Photo by Alireza Khoddam on Unsplash
Every few years, right on cue, the city decides it must do something about Yonge Street. It’s not hard to understand why. For much of its length, it has become depressingly ordinary, a bit run down, vaguely tacky and, given expectations, hugely disappointing.
Like Toronto, Yonge isn’t what it used to be. Though routinely described as the city’s main drag and its most famous street, it’s neither – and hasn’t been for decades. The clichés that get dragged out every time it comes up in conversation reveal the extent to which some of us have lost touch with the reality of Toronto. Talk about Yonge Street’s “fabled” past, its “storied” history, its “lost glory” has never sounded more hollow.
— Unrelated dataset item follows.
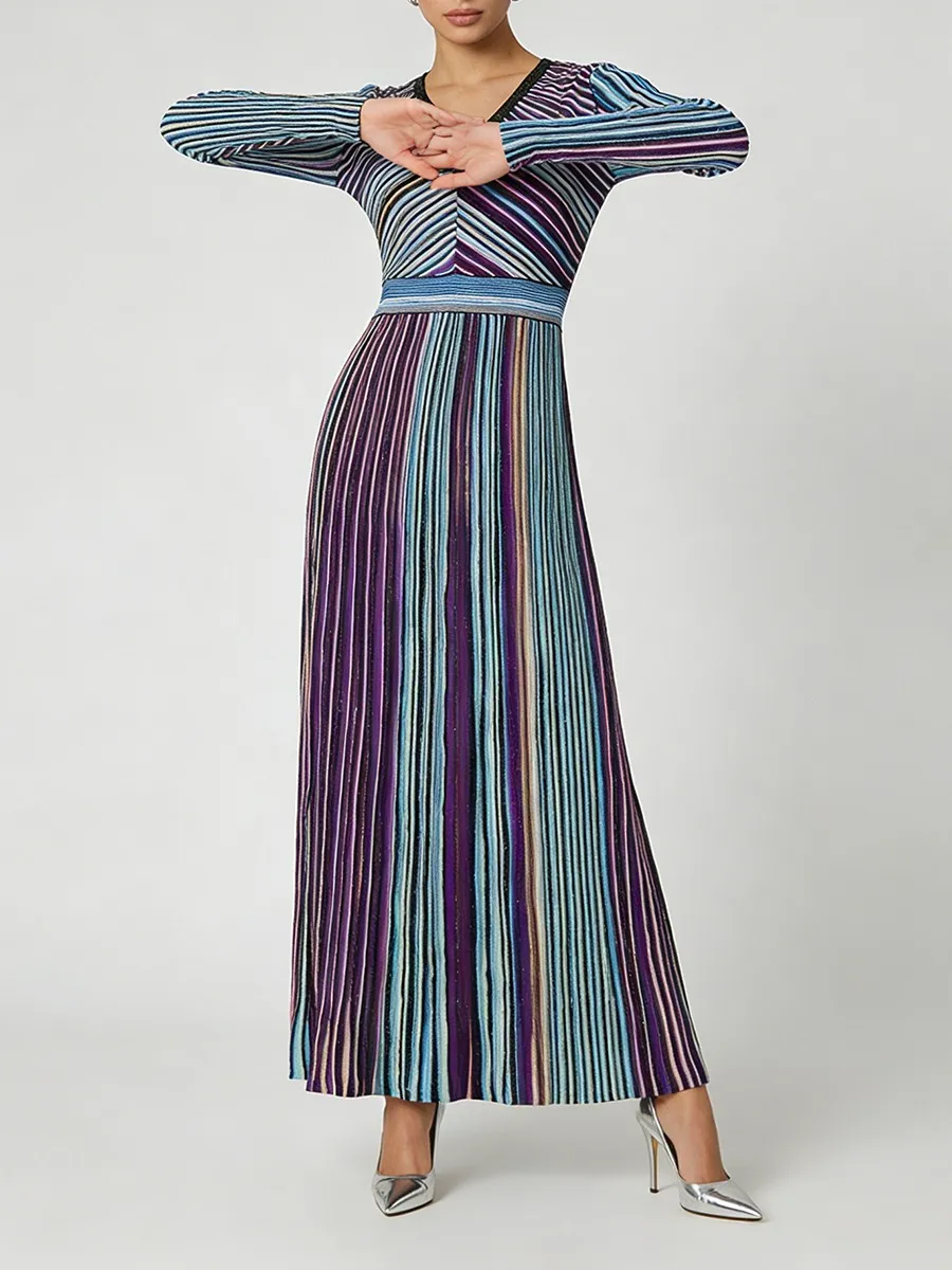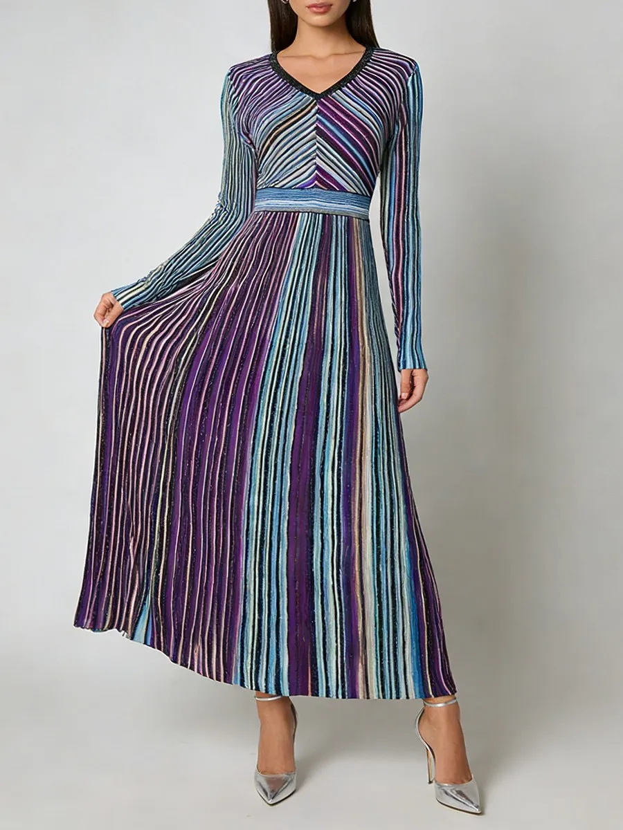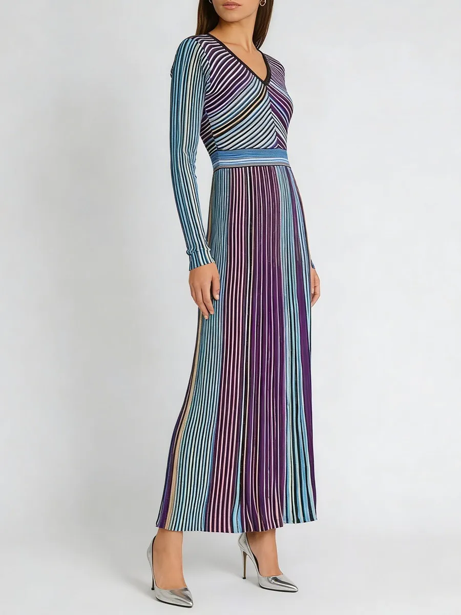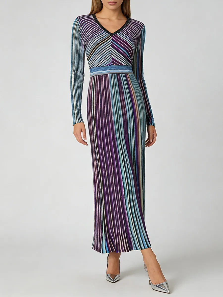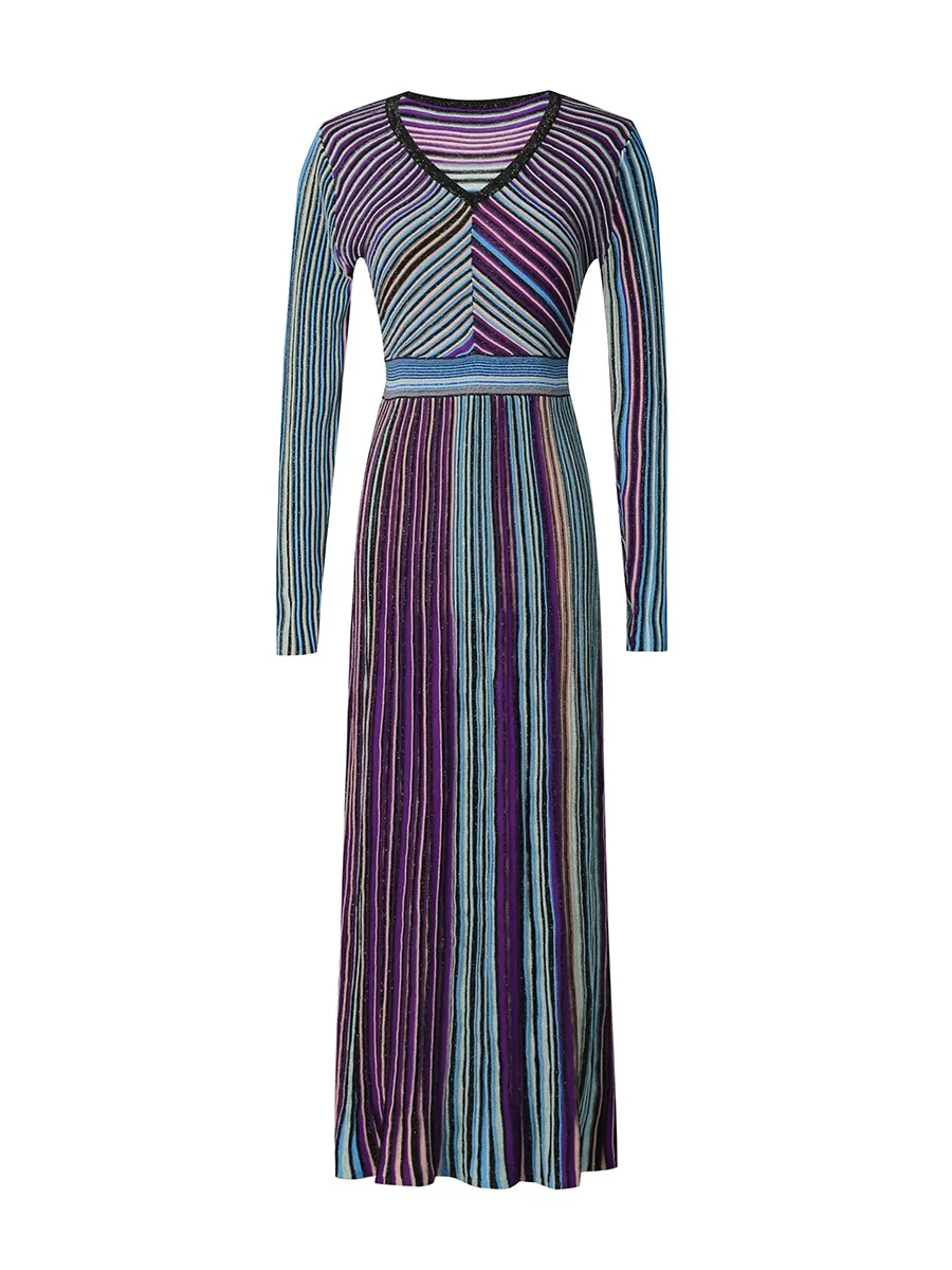TWOTWINSTYLE Hit Color Striped Spliced Bright Silk Fashion Dresses for Women V Neck Long Sleeve High Waist Knit Dress Female New

The truth is that Yonge, or at least the part that runs through downtown, was a populist provincial high street that got left behind when Toronto graduated from colonial outpost to big city. The myth of the city’s distinguished past may be a comfort to many, but it’s largely an illusion. This was a community driven by religious, ethnic and class tensions, notorious for its conservatism. In a letter to a friend during his visit in 1842, Charles Dickens referred to “Toronto’s wild and rabid Toryism,” which, he said, was “appalling.” A century later, artist/writer Wyndam Lewis famously called Toronto a “suffocating, sanctimonious icebox.”